Nas ruas as pessoas se interessam pelas “latonas” pintadas, param, conversam, reflitem.

A produção de latas de alumínio é uma produção de altíssimo custo, econômico e ambiental. O Brasil é o país que mais produz latas, 24 bilhões ao ano, e se orgulha de que 97% destas já são originárias da reciclagem.

Segundo Katia Campos, diretora geral dos serviços de limpeza urbana do Distrito Federal, em entrevista à EBC, essa liderança do nosso país em reciclagem de alumínio não se deve à consciência ambiental da população e sim, à pobreza que nossa população enfrenta diariamente.

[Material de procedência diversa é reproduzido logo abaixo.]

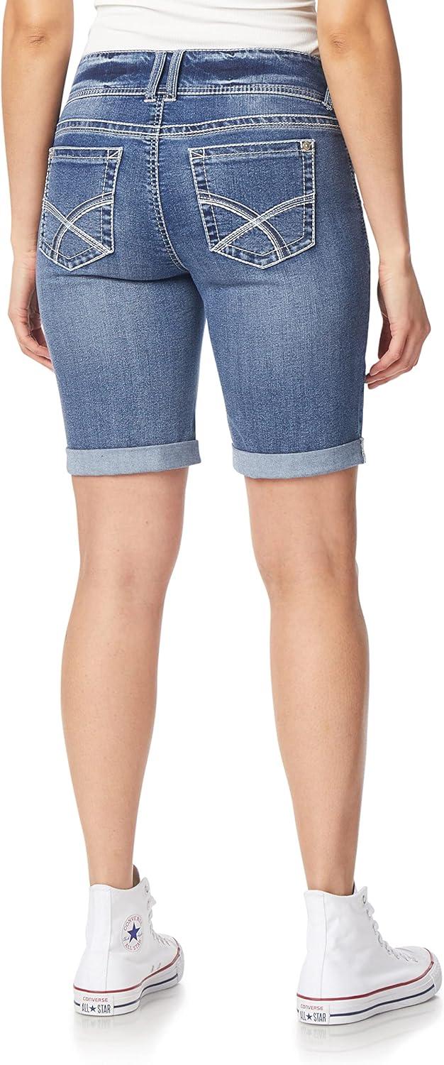 WallFlower Women’s (Standard and Plus) Luscious Curvy 9-inch Mid-Rise Bermuda Shorts(9″ Clarke Bling Bermuda)

Assim, é bastante grande o número de catadores que vivem da reciclagem e, o seu elemento preferencial de coleta é a latinha de alumínio que alcança melhores preços no mercado, em comparação com garrafas pet, ao papel ou papelão.

Atualmente, menos de ¼ dos municípios brasileiros têm implantado programa de coleta seletiva efetivo. A informação é de que somente 1.000 municípios o executam e, mesmo assim, não atendem 100% dos seus domicílios. No entanto, mesmo naqueles municípios onde a coleta seletiva ainda não é realidade, os catadores recolhem grande parte do lixo reciclável, porta a porta e os sucateiros, que compram esta produção dos catadores, os transportam para os grandes centros, entrando esse material no circuito de reciclagem nacional.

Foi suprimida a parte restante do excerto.